Une belle bête dans un bel écrin
Monster a aussi visiblement tiré des leçons du marketing façon Apple : le Beats arrive dans une belle boîte bien lourde, avec un conditionnement parfaitement étudié et son lot d’accessoires. Outre les petites notices qui vont bien, on trouve ainsi dans la boîte un étui souple de transport, et même un petit chiffon antibactérien pour essuyer le casque. Ce sens du détail dans le packaging comme dans les accessoires se retrouve évidemment aussi sur le casque lui-même. Parmi les bonnes idées, on notera le fait que le cordon rouge puisse se brancher soit sur l’écouteur droit, soit sur l’écouteur gauche, via un minijack avec loquet de sécurité. De l’autre côté du cordon, après une petite partie en spirale, on trouve un minijack coudé et même une petite attache en caoutchouc à laquelle est fixée l’adaptateur vers Jack 6,35. C’est bien vu, car c’est toujours le genre d’accessoire qu’on cherche sans savoir où on l’a mis…
|
Le casque lui-même est relativement lourd, ce qui plaira à certains et déplaira à d’autres, mais confortable de mon point de vue, et surtout, il respire la solidité avec ses épaisses parties en alu brossé. Chaque écouteur peut être replié, ce qui sera pratique pour le transport ou pour une écoute façon DJ, et le réglage de l’arceau comme le jeu des écouteurs permettent de l’ajuster efficacement à n’importe quelle tête.

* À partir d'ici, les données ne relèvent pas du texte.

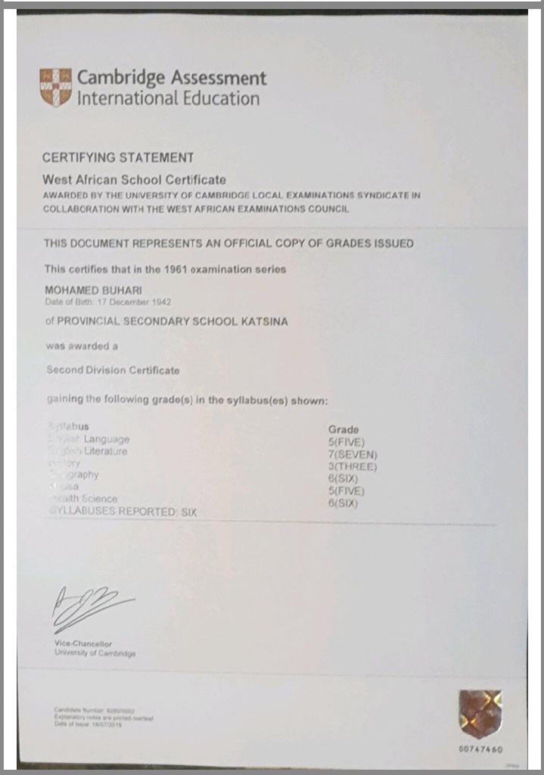 “Cambridge Assessment International Education had to issue a certifying statement that indeed President Buhari sat for his examinations in 1961. It was because the institution was inundated with requests for the verification of his result.”

Bref, c’est beau, bien construit, bien pensé et bien emballé dans un bel emballage, comme un produit Apple. Seul reproche toutefois, Monster n’a pas jugé nécessaire de fournir des oreillettes de rechange, sans doute parce que celles du Beats Pro sont lessivables… À voir sur la longueur donc si ce choix est judicieux.
L’écoute qui coûte
Passé le plumage, voyons le ramage, car si Monster a rendu une très bonne copie sur le plan du design de produit et du conditionnement, il s’agit de voir comment le fabricant de câbles s’en est tiré concernant l’essentiel : la qualité audio. Comme d’habitude sur AudioFanzine, l’écoute se fera à partir de morceaux de référence, en comparaison avec un autre casque, en l’occurrence un Ultrasone Pro 900, fermé lui aussi et vendu au même tarif que le Beats.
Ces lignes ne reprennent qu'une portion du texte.